The family of a Chinese victim of mustard gas left behind by the Japanese troops during World War II has decided to file a lawsuit against the Japanese government, lawyers have told China Daily.
Family members of Li Guizhen, who died on August 21 from serious burns from the highly toxic gas, will bring action in a Japanese court.
Some 43 other victims of the leak in Qiqihar in northeast China's Heilongjiang Province in early August hope that government officials can negotiate a settlement in the matter. A third round of Sino-Japanese discussions began yesterday in Beijing.
The Li family's lawyer Su Xiangxiang said the family plans to officially proceed with its suit the same day that 10 Japanese victims of chemical weapons left by the Japanese army during World War II plan to sue the Japanese government.
The 10 -- all Japanese children -- were poisoned in April by drinking water from local wells tainted by a chemical weapons factory in Japan used during the war.
When asked why he chose the same day as the Japanese victims, Su said in a telephone interview that both plaintiffs suffered from the same toxic chemical elements.

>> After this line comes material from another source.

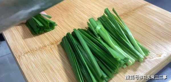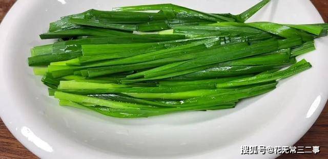 3.韭菜切5厘米小段,装盘备用。
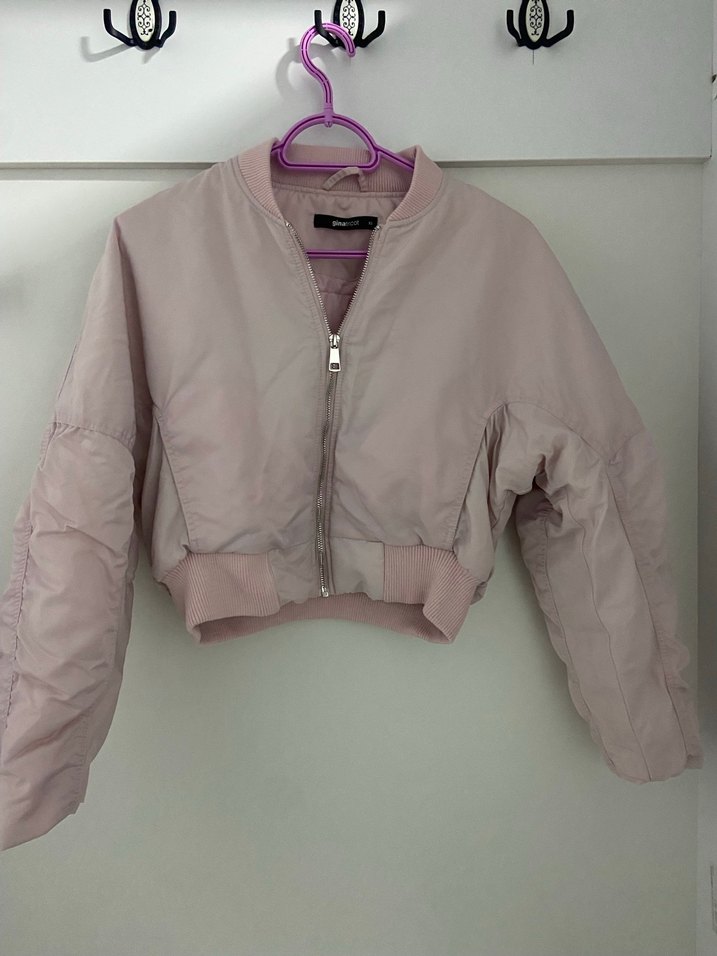 Pastel pembe renkte, sentetik kumaştan üretilmiş, kısa kesim, fermuarlı kadın ceket. Uzun kollu ve yakalı tasarımıyla günlük sokak stiline uygun.

Statistics show that at least 22 cases have been filed against the Japanese government or Japanese enterprises by Chinese civilians since 1995 involving toxins from the war.
Yu Ning, deputy chairman of the All-China Lawyers' Association, said Chinese civilians have only won or partially won three suits, and achieved settlements in other lawsuits.
Chinese plaintiffs have failed in about a dozen other suits, and another seven lawsuits have not yet gone to hearings, Yu added.
However, Japanese defendants in three suits have appealed to higher courts, including one which resulted in a recent ruling by a Tokyo District Court judge who ordered the Japanese government to pay compensation to 13 Chinese victims.